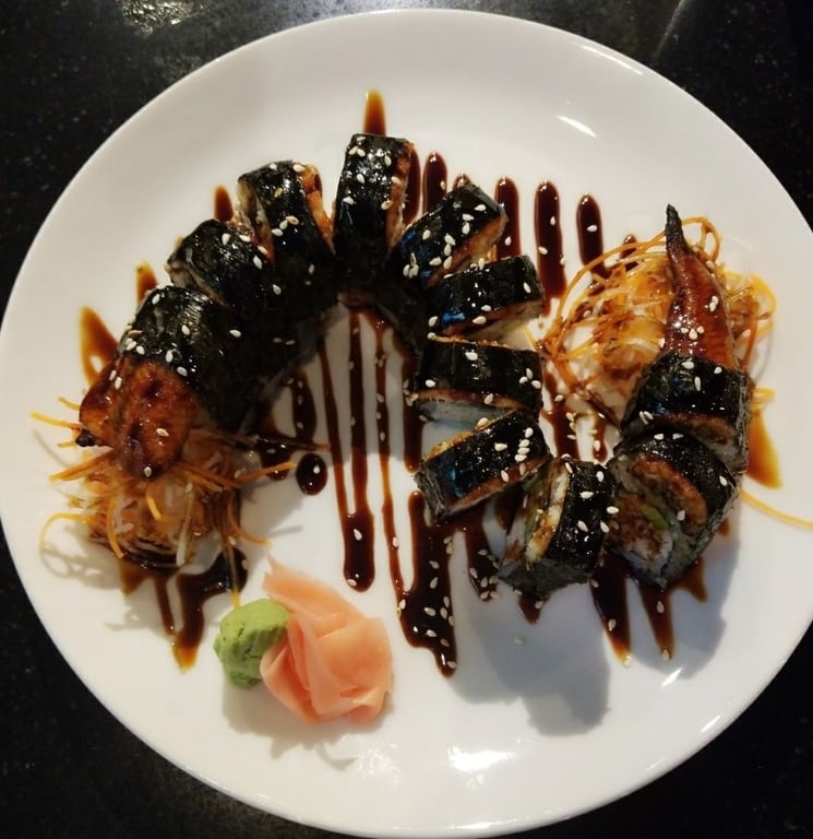 Cucumber avocado krabmeat topped with whole eel and eel sauce
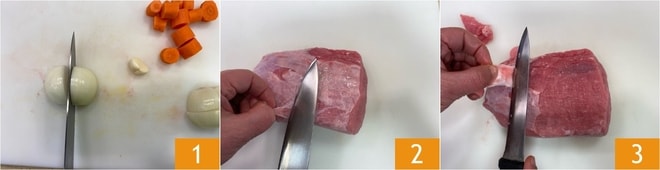 Para preparar o vitello tonnato light, comece limpando e cortando grosseiramente a cenoura e a cebola 1. Remova os tecidos conjuntivos superficiais do vitelo, 2 usando uma faca lisa e tomando cuidado para não remover carne. 3.
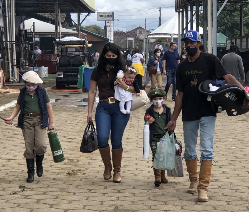 A decisão ocorreu logo após o tempo firmar. "Nossa expectativa é que não teria chuva", apostou Bonmann. "Viemos e ligados nos protocolos." Os dois meninos usavam máscara e estavam ansiosos para ver "boi, vaca e coelho", seus animais preferidos.
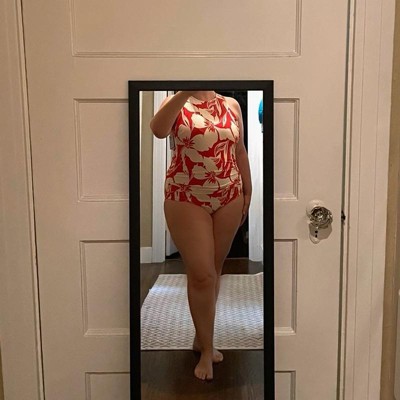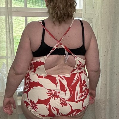 [This review was collected as part of a promotion.] This one piece swimsuit is so cute. It is perfect for any beach vacation. I am pictured here wearing a size 18 which is my true to size fit and overall this fit really nicely. The neck is high in the front so if you prefer a more V-neck style, this is not for you. The straps in the back are adjustable. This was easy to get on and off and I really like the bright vibrant colors. This would look really cute. Also paired with denim shorts as an easy cover-up. Be sure to wear your true size with this one and you’re gonna love it. I received an incentive to write this review.
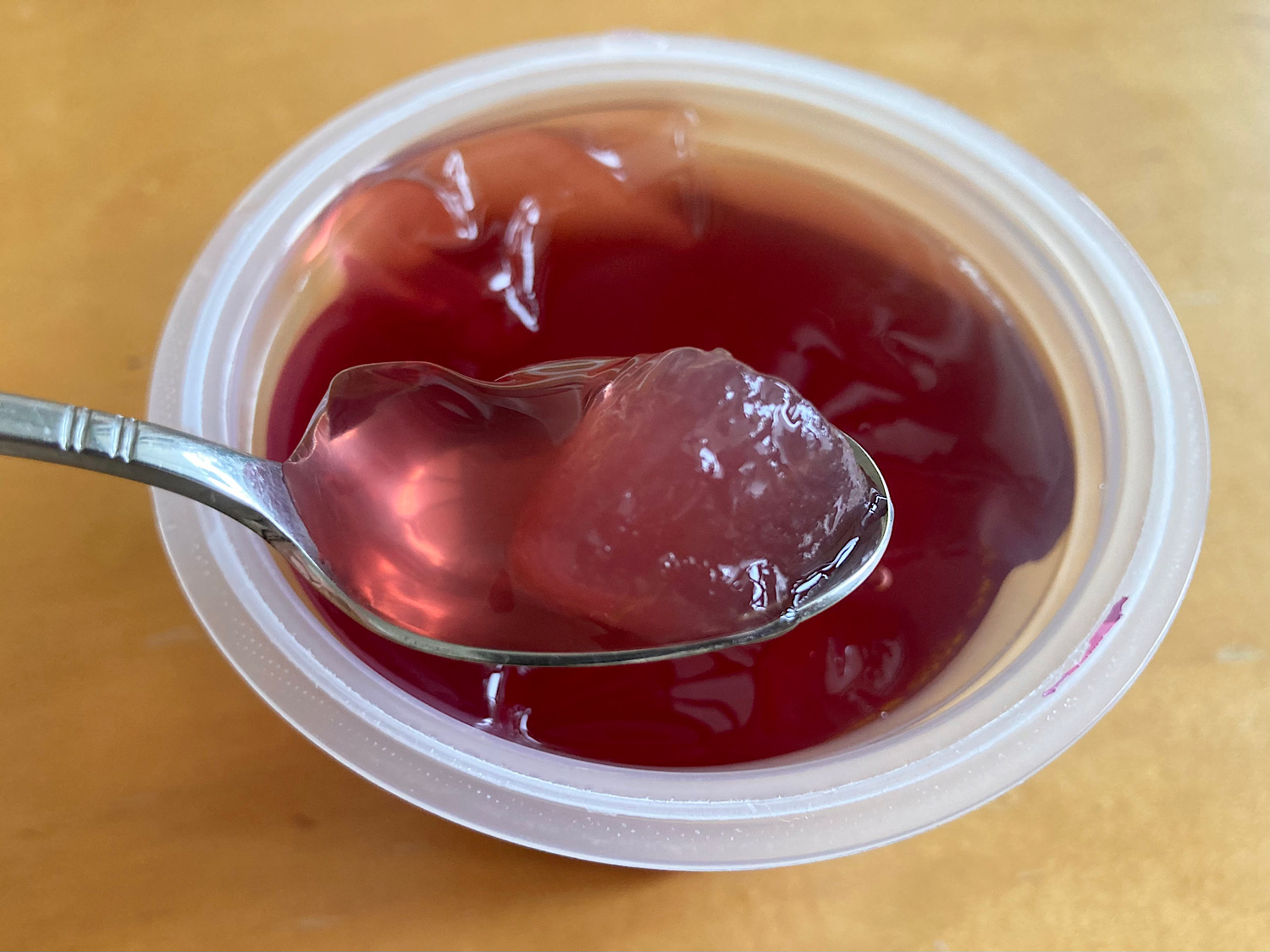そこで「まとめ買い値引き対象商品だった」というだけの理由で手に取った このぶどうゼリー。四角いパックの寒天ゼリーじゃなくて、カップタイプのほうである。
□ □ □ □
### Brief
Output a verbatim copy of all entries above; no pictures go in it.

### Result of the task
 Cucumber avocado krabmeat topped with whole eel and eel sauce
 Para preparar o vitello tonnato light, comece limpando e cortando grosseiramente a cenoura e a cebola 1. Remova os tecidos conjuntivos superficiais do vitelo, 2 usando uma faca lisa e tomando cuidado para não remover carne. 3.
 A decisão ocorreu logo após o tempo firmar. "Nossa expectativa é que não teria chuva", apostou Bonmann. "Viemos e ligados nos protocolos." Os dois meninos usavam máscara e estavam ansiosos para ver "boi, vaca e coelho", seus animais preferidos.
 [This review was collected as part of a promotion.] This one piece swimsuit is so cute. It is perfect for any beach vacation. I am pictured here wearing a size 18 which is my true to size fit and overall this fit really nicely. The neck is high in the front so if you prefer a more V-neck style, this is not for you. The straps in the back are adjustable. This was easy to get on and off and I really like the bright vibrant colors. This would look really cute. Also paired with denim shorts as an easy cover-up. Be sure to wear your true size with this one and you’re gonna love it. I received an incentive to write this review.
そこで「まとめ買い値引き対象商品だった」というだけの理由で手に取った このぶどうゼリー。四角いパックの寒天ゼリーじゃなくて、カップタイプのほうである。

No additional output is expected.